Thin Creatology foam works better. As few gaps as possible. As exact as possible. Using tissue paper and markering it out and glueing it on foam to cut it out works for certain parts. Pads massaged, wrung between fingers to better conform to ear. Foam insert too. Seems to increase linearity and extension. Wear gloves to avoid massaging in hand oil. Sharp scissors. I lined all the black plastic and the silver damping mesh. Foam is softened a bit by crumpling and crumpling, to make it pliable. That should make it a little more porous. Felt/cloth caused a 5k spike, damping everything except the worst resonance. I scrubbed the backside of the earpad with a stainless steel brush, for better diffusion of sound. Applicable to all parts except where the sound is travelling directly out of the driver. Polish with a microfiber cloth, etc, fine, reflective wax/surfactant. I pushed the back damping foam so it curved and exposed the magnet a bit. There is still damping to restrict the air, but the reelection from the foam happens later, so treble is a bit more linear and extended, at expense of worse slightly worse decay, but better FR and impulse.

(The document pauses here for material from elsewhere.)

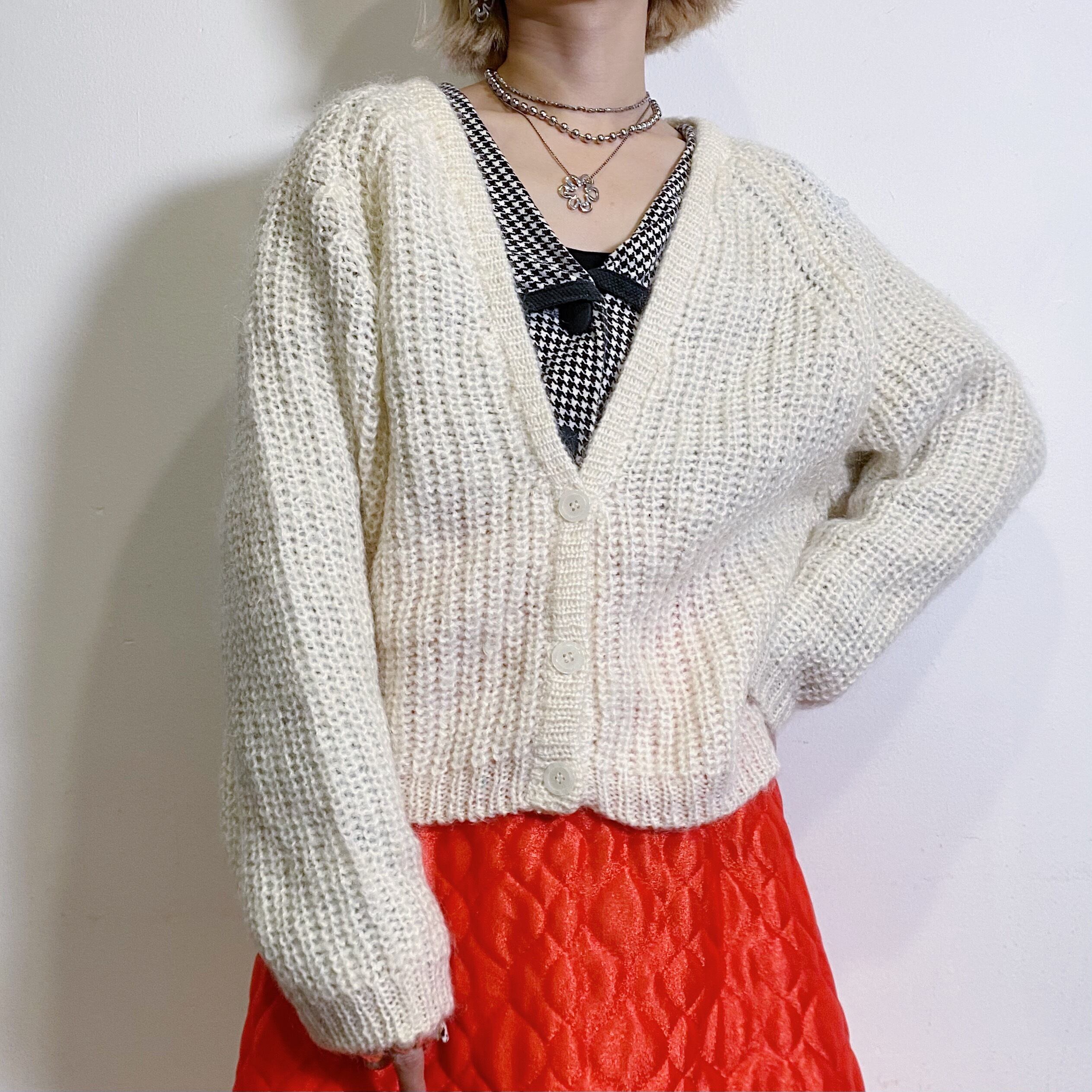 ふわふわとしたモヘア素材が可愛いカーディガンです。

When I added foam or microfiber and didn't cover hard surface, simply taking up space and obstructing diffusion and causing earlier refelctions---I caused earlier reflections. Resonance at couple certain frequencies. It is higher resolution--as per faster decay every where else. But FR sucks real bad. I tried free foam, less dense, and that helped decay, but hurt FR by roll off at both ends.

This of course, is tentative, what ever works for you.

Covering the plastic surfaces of the inside of the grill seems to work, but I need to test that again. I tried puncturing and abrading the surface of the foam to increase surface area, but I need a way for it to be controlled and repeatable. I used a screwdriver and steel brush. The steel mesh itself is removable, if you push right close to the edge, and you can fit foam/putty in the crevice, before/after you glue it back. Stock glue is like hot glue-ish. Thickish viscous drops.

I brushed the steel surface on the inside. I put some foam in those cylindical holes on the grill cover and in the headphone backside.

Putting foam in the front of the headphone, where the plastic is--that's tentative still. I tried it a couple times, but I want to focus on backwave damping first, where the cavity volume is far bigger so I will induce less resonance by obstructing the sound waves.
I did brush it. I covered the driver opening with tape first, to protect it. If you make the back side of the headphone fairly hermetic, as with the foam, you rish crumpling the membrane from the suction when removing it. It's mildy harmful, but I didn't notice any terrible effects. Still sounds similar. Might sound different. But burn in and the other mods and mod removal make it hard to strongly causate.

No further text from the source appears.